Tuesday, March 31, 2009

Captain Blood

1935, US, directed by Michael Curtiz

You get the sense that Errol Flynn knew exactly what kind of opportunity had landed in his lap when he was cast as Captain Blood: he blazes across the screen, investing every line with a kind of larrikin enthusiasm, moving from high drama to comedy to swordplay with consummate ease, a gleam in his eye in almost every shot. The only downside is that the film flags somewhat when he's not onscreen, despite gripping battle sequences and a rollicking, partially fact-based plot.

Michael Curtiz shows his stripes in the early going, in the carefully-staged court sequences - great shadows loom over the spare set as the accused sweat in the makeshift dock - and on board the ship that takes Flynn and his fellow convicts to the Caribbean, the light from the water outside dappling Flynn's face. However, the grim tone of the first twenty minutes or so fades pretty quickly against the boisterous action, and even unpleasant events - such as Blood's all-too-abbreviated encounter with the dastardly Levasseur, played by the Basil Rathbone in love-to-hate-him mode - are quickly put aside by the demands of the plot.

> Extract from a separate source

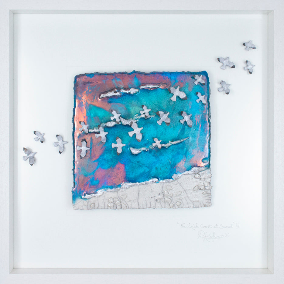 This piece portrays the stunning, rugged coastline of our beautiful Ireland! With turquoises, blues, greens and stunning metallic reflections as the sunset kisses the water. Always reminds me of my favourite beach as a child.

This film is part of my Watching Movies in Africa project and I couldn't help wondering how African audiences must have reacted to the film's depiction of slavery. While the precipitating events at the beginning of the film are accurate enough, and resulted in the transportation of hundreds of white Englishmen to the West Indies, the film almost never shows any black slaves although they would have been in the overwhelmingly majority on the plantations; indeed, the black extras mostly serve as domestic servants rather than as field-slaves, although they are never individualized in the film. Captain Blood played at the Picturedrome theatre in Kumasi (Ghana) in January 1951, advertised with the slogan "Robin Hood in Captain Blood".

1 comment:

rudyfan1926 said...

If ever there were a screen debut in a major role in which you see a star born, this film is one of those. Flynn was clearly very much at ease before the camera and had a role to shine in.